On the first day of the tsunami disaster in Southeast Asia some news anchor said, "The death toll is now over 10,000 including at least three Americans."

Is that a sane statement? Is it correct or proper for us to ask, were there any Americans? Jews? Israelis? Is it normal that the world took notice of the Belgians, action figures and supermodels?

Popular thinking says no. It's not politically correct to consider the three Americans significant in the face of tens of thousands of other human beings.

But, on second thought, everything exists in layers and degrees. For a close friend we hurt more. For a family member the pain is greater yet. Indeed it would be unrealistic and un-human to expect one to feel differently.

In the case of this tsunami, the devastation is so massive that we need something to "bring it home." Otherwise, it remains a terrible tragedy half a world away.

So we find even a single individual among the victims that brings the pain to a personal level.

The really important question is: Now what? Now it's personal. What happens next?
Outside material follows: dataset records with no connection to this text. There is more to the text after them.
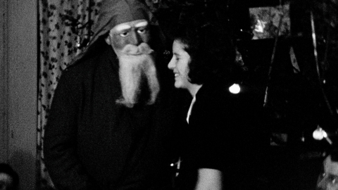 It's an austerity Christmas from 1948 with a scary looking Santa Claus dishing out the presents and the kisses.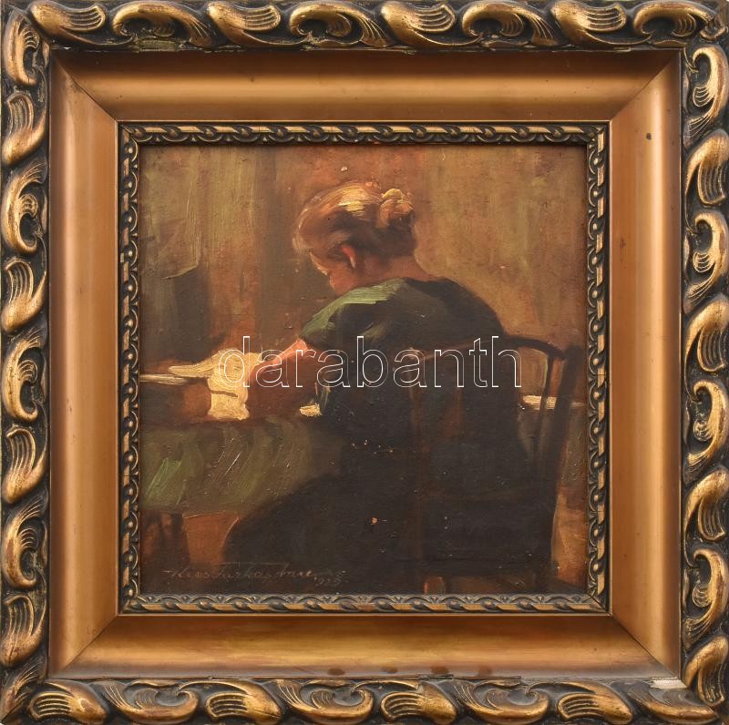 Leírás: Kiss Farkas Imre (?-?): Hölgy asztalnál. Olaj, karton, jelzett, sérült keretben, 22x22 cm
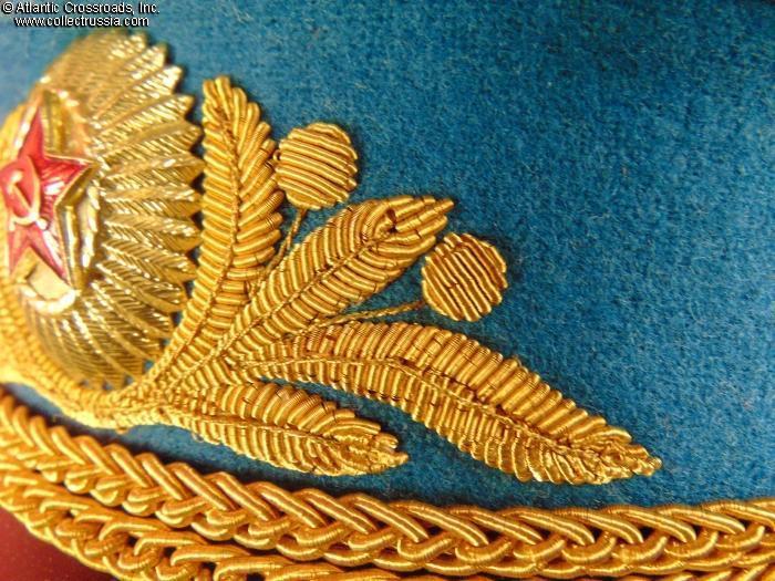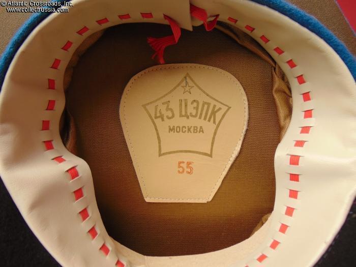 In olive drab wool gabardine with sky-blue band and piping. Gold embroidery around the hat badge and gold embroidered Air Force wings on the crown. Gold filigree chin cord. Features characteristically large "oversized" crown and patent leather visor with felt underside. Red silk tape threads through the leather sweatband to allow a customized fit, a feature unique to general officer hats. The two-piece hat badge is also the type specific to generals. The leather sweat shield shows the logo of the Moscow TsEPK Factory of the Ministry of Defense without the date of manufacture, as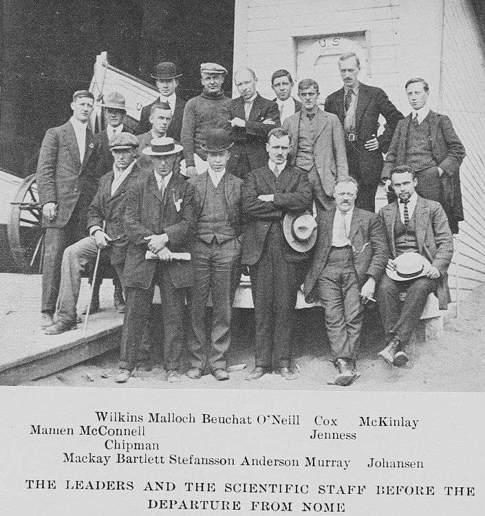 The scientific staff gathered for the expedition was large and well-equipped. Besides Stefansson, anthropologist, and Dr. Anderson, zoologist, it included twelve men who were all specialists. The Canadian Geological Survey detailed four men to our party: George Malloch, an expert on coal deposits and stratiography, who had been a graduate student at Yale; J. J. O’Neill, a mining geologist, whose specialty was copper; and Kenneth Chipman and J. R. Cox, skillful topographers. For studying ocean currents and tides and the treasures that might be brought up from the bottom of the sea we had James Murray of Glasgow, oceanographer, who had worked for many years with the late Sir John Murray, one of the world’s greatest authorities on the ocean. Murray had been with Sir Ernest Shackleton on his Antartic expedition and afterwards had been biologist of the boundary survey of Colombia, South America. To study the fish of the Arctic Ocean we had Fritz Johansen, who had been marine zoologist with Mylius Erichsen in East Greenland and had done scientific work for the Department of Agriculture at Washington. As forester we had Bjärne Mamen, from Christiania, Norway, who had been on a trip to Spitsbergen[8] and had done work in the timber-lands of British Columbia. As the study of the Eskimo was one of the most interesting objects of the expeditions we quite naturally had two anthropologists besides Stefansson, one, Dr. Henri Beuchat of Paris, the other, Dr. D. Jenness, an Oxford Rhodes Scholar, from New Zealand. The magnetician was William Laird McKinlay, a graduate of the University of Glasgow, who had been studying in the Canadian Meteorological Observatory in Toronto. The photographer was George H. Wilkins, a New Zealander, who had been a photographer in the Balkan War and possessed mechanical ability. He had a motion-picture apparatus as well as other cameras. In medical charge of the expedition was Dr. Alister Forbes Mackay, who had served in the British navy after his graduation from the University of Edinburgh, and, like Murray, had accompanied Shackleton into the Antarctic. Five of these twelve men, as shall be related, were to lay down their lives in the cause of science during the coming year.
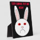 This awesome plaque features the sad face of a white rabbit. This rabbit has a big frown on its face because it is a lab rabbit that has had cosmetics tested on it. The whites of its eyes are red and swollen. The design has been created to bring to attention the unnecessary suffering caused by the testing of cosmetics on animals.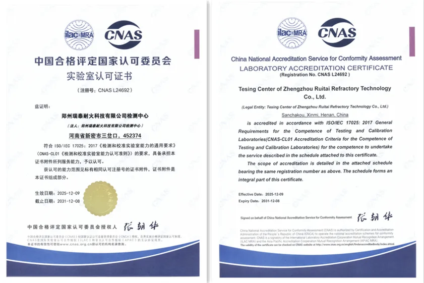 近日,郑州瑞泰耐火科技有限公司检测中心通过中国合格评定国家认可委员会严格评审,获得国家级实验室认可证书,证书注册号CNAS L24692。这标志着郑州瑞泰技术管理水平与实验检测能力已达到国家及国际标准化体系要求,其出具的检测报告将获得全球数十个互认国家的承认,在公信力与权威性上迈上了全新台阶。

That's where this selective grieving can go either way. If we continue to grieve only for those dear to us then we've failed. But if once we have this feeling of grief over a person we relate to, we then extend it to the rest, that's moral and kosher and humane.

The "particularism" is the gateway to concern for all.

If we grieve indiscriminately for all, the feeling is too amorphous and intangible. We need to identify the victim with ourselves. Impersonal grief is unreal. So make it personal. How? By associating it with a personal grief and then extending it from there.

The story is told of a chassid who wept when he realized that he didn't cry over the untimely passing of his neighbor's child as much as he did over the passing of his own son. Even after all his life-long effort to ingrain the love of his fellow in his heart.

That chassid was obviously on a very high level, which cannot be expected of you and me. But the lesson is useful. He only discovered the incompleteness of his grief for the neighbor's loss after he was able to compare it to his own.

The pain of others should be as real to us as our own. That is the ideal we must aspire to. And the place to start is the pain that is closest to our hearts.